2010 • 144 Seiten • DuMont • Bestellen

Flurin Jecker: Lanz ★★★★☆

Wie schreibe ich einen Blog? Für dieses Thema hat sich der 14-jährige Lanz in der Schulprojektwoche entschieden. Nicht etwa, weil er Blogger werden will, sondern weil sich auch Lynn dafür angemeldet hat – und Lynn sehr viel interessanter ist als alle Schulprojekte. Mit dem Blog gibt er sich darum zunächst keine grosse Mühe – doch dann macht etwas Klick, und er breitet sein Leben ohne Zurückhaltung aus.

«Lanz» ist ein Coming-of-Age-Roman einer nicht untypischen Schweizer Jugend: Scheidungskind, Aufwachsen in der dörflichen Einöde und die universellen Probleme mit dem Erwachsenwerden.
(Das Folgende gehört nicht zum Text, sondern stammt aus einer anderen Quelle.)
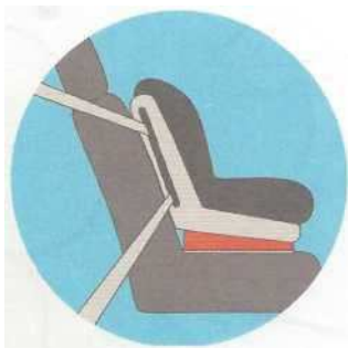
Лицом по ходу движения

Самое безопасное место для установки детского кресла в автомобиле — среднее место на заднем сиденье. Самое небезопасное - переднее пассажирское сиденье. Туда автокресло ставится в крайнем случае, при обязательно отключенной подушке безопасности.
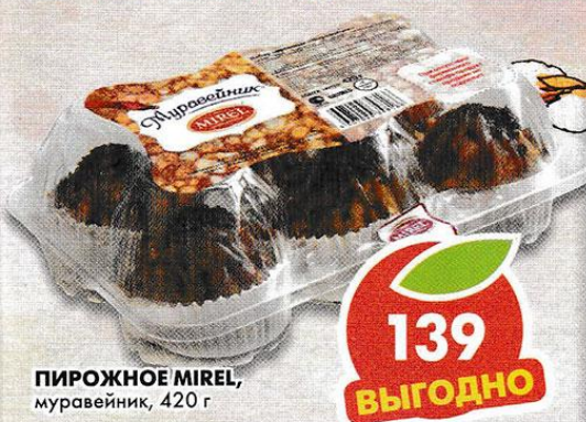
ПИРОЖНОЕ MIREL, муравейник, 420 г

Lanz ist ein unterhaltsamer Erzähler, und Flurin Jecker trifft sehr akkurat den Ton eines Jugendlichen in den späten 2000er / frühen 2010er Jahren. Ich kann verstehen, wenn ältere und jüngere Leser:innen diesen Ton als bemüht empfinden – für mich hat es eine Art retrospektive, aber irgendwie positiv konnotierte Ungläubigkeit ausgelöst. Eine Empfehlung wird ausgesprochen vor allem für meine lieben Mit-Millenials.

2024 • 144 Seiten • Nagel & Kimche • Bestellen

Rebekka Endler: Witches, Bitches, It-Girls: Wie patriarchale Mythen uns bis heute prägen ★★★☆☆

Wo liegen die Wurzeln des Patriarchats? Welche misogynen Mythen bestimmen bis heute unser Denken und Handeln – wenn auch unbewusst? In ihrem neuen Buch macht sich die Autorin von «Das Patriarchat der Dinge» auf Spurensuche.

Dabei beschäftigt sie sich mit Themen wie der Kanonisierung in Kunst und Literatur, mit den verschiedenen feministischen Wellen, dem Mythos von Hexen oder der gegenwärtigen Rape- und Cancel Culture. Das breite Spektrum ermöglicht zwar keine «Deep Dives» und springt schnell zwischen Themen hin und her, liefert damit aber auch gute Gedankenanstösse und viele Beispiele. Ein spannendes Buch insbesondere für jene, die sich neu in der Thematik bewegen.